Soil pH 10% 10.2645 0.5 "Impact 2
Control 2" 0.9995 0.0005 High
"Soil
moisture" 30% 0.5002 0.5 "Impact 2
Control 2" 0.0994 0.9006 Low
"Soil
porosity" 25% 4.5637 0.5 "Impact 2
Control 2" 0.8756 0.1244 High
"Vegetatio
n diversity
(number
of" 20% 2.8935 0.05 "Impact 2
Control 2" 0.5937 0.4063 Low
species)
"Number
of plants" 50% 2.1719 0.05 "Impact 2
Control 2" 0.4247 0.5753 Low
"Vegetatio
n" 50% 1.6079 0.05 "Impact 2
Control 2" 0.2941 0.7059 Low
"coverage" | | Power Analysis | | | | | | |
| :---: | :---: | :---: | :---: | :---: | :---: | :---: | :---: |
| | environment <br> al significant <br> effect size | effect <br> size <br> coefficien <br> t d | a | sample <br> size | Power | $\boldsymbol{\beta}$ | High <br> Power/ <br> Low |
| Soil pH | $10 \%$ | 10.2645 | 0.5 | Impact 2 <br> Control 2 | 0.9995 | 0.0005 | High |
| Soil <br> moisture | $30 \%$ | 0.5002 | 0.5 | Impact 2 <br> Control 2 | 0.0994 | 0.9006 | Low |
| Soil <br> porosity | $25 \%$ | 4.5637 | 0.5 | Impact 2 <br> Control 2 | 0.8756 | 0.1244 | High |
| Vegetatio <br> n diversity <br> (number <br> of | $20 \%$ | 2.8935 | 0.05 | Impact 2 <br> Control 2 | 0.5937 | 0.4063 | Low |
| species) | | | | | | | |
| Number <br> of plants | $50 \%$ | 2.1719 | 0.05 | Impact 2 <br> Control 2 | 0.4247 | 0.5753 | Low |
| Vegetatio <br> n | $50 \%$ | 1.6079 | 0.05 | Impact 2 <br> Control 2 | 0.2941 | 0.7059 | Low |
| coverage | | | | | | | |
Based on literature research, we have given different environmentally significant effect sizes for different measurement endpoints. (It will be discussed in detail in the next section). From the above table, only the power of soil pH and soil porosity is high, which are 0.9995 and 0.8756 . The power of soil moisture, vegetation diversity, number of plants, and vegetation are low, especially the soil moisture, in which the power is only 0.0994 . This result shows that, besides the soil pH and the soil porosity, none of our other inspection designs have powerful features to detect observed effects. 根据文献研究,我们为不同的测量终点给出了不同的环境显着效应大小。(将在下一节中详细讨论)。从上表可以看出,只有土壤 pH 值和土壤孔隙度的功效较高,分别为 0.9995 和 0.8756 。土壤水分、植被多样性、植物数量和植被的功效较低,尤其是土壤水分,其中功效仅为 0.0994。这一结果表明,除了土壤 pH 值和土壤孔隙度之外,我们的其他检测设计都没有强大的功能来检测观察到的效果。

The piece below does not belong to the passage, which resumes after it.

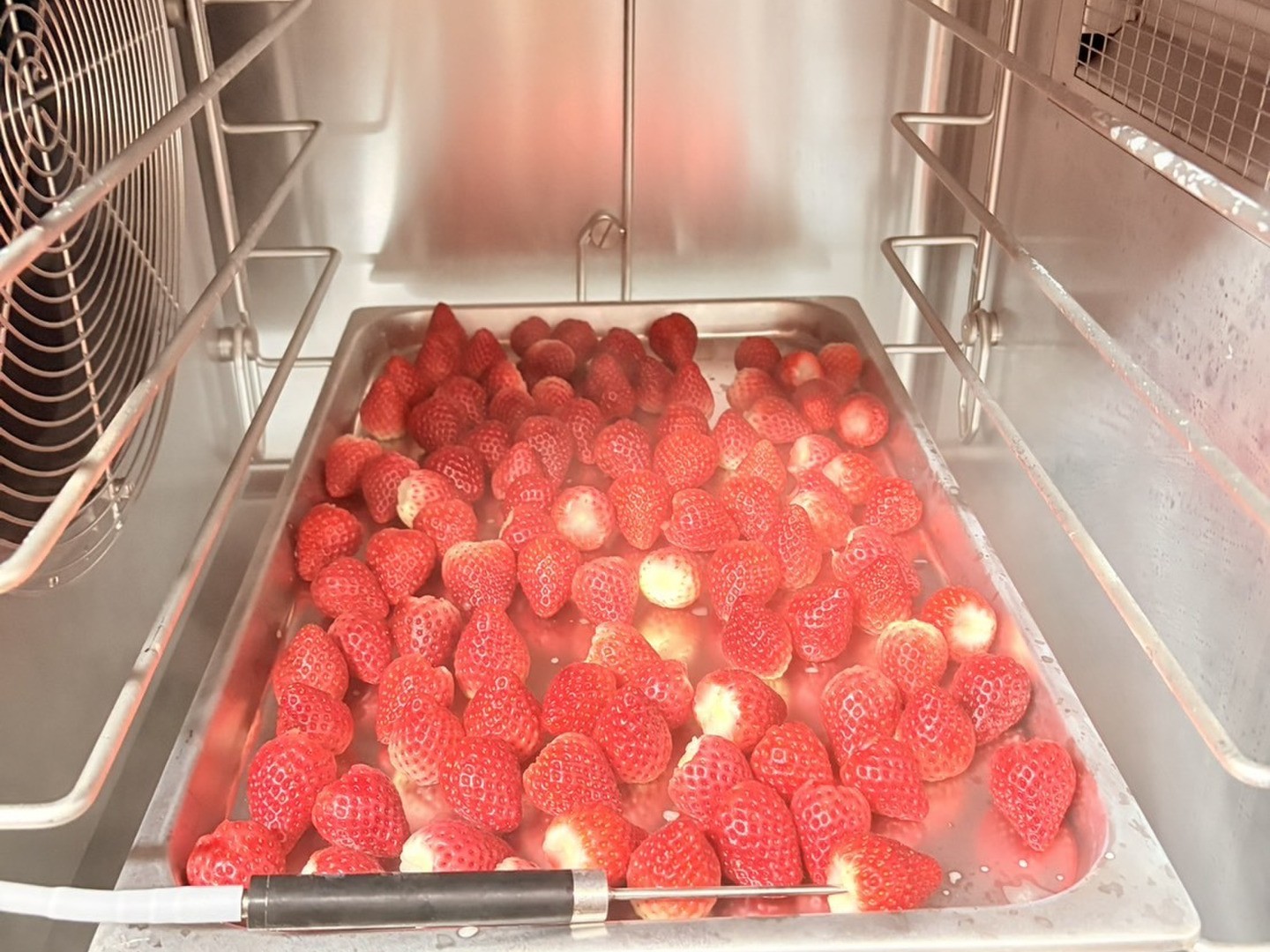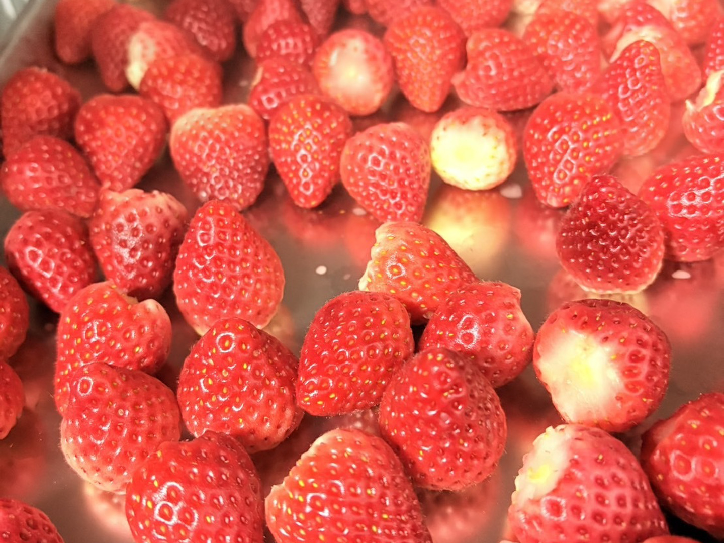 朝採りした新鮮ないちごさんを水洗いしヘタ取り後速やかに−20度まで急速冷凍
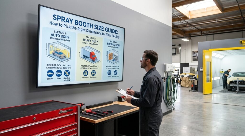 Spray Booth Size Guide to choose the right dimensions clearance airflow and compliance for automotive and industrial finishing booths

In addition, for two measurement endpoints that we have already found a significant effect in the t-test, we will use post-hoc power analysis to identify the power of the t-test. The power of the soil porosity is 0.8756 , which is less likely to indicate a type II error, which means that 此外,对于我们已经在 t 检验中发现显著效应的两个测量终点,我们将使用事后功效分析来确定 t 检验的功效。土壤孔隙度的幂为 0.8756 ,这不太可能表示 II 型误差,这意味着
the correct conclusion is more likely to be obtained in the t-test. However, vegetation diversity has low power, which s only 0.5937 and has a large possibility of type II errors, so the results obtained in the t-test may not prove it has a significant difference. 在 t 检验中更有可能获得正确的结论。然而,植被多样性的功率较低,仅为 0.5937,且存在 II 型误差的可能性很大,因此 t 检验得到的结果可能无法证明其存在显著差异。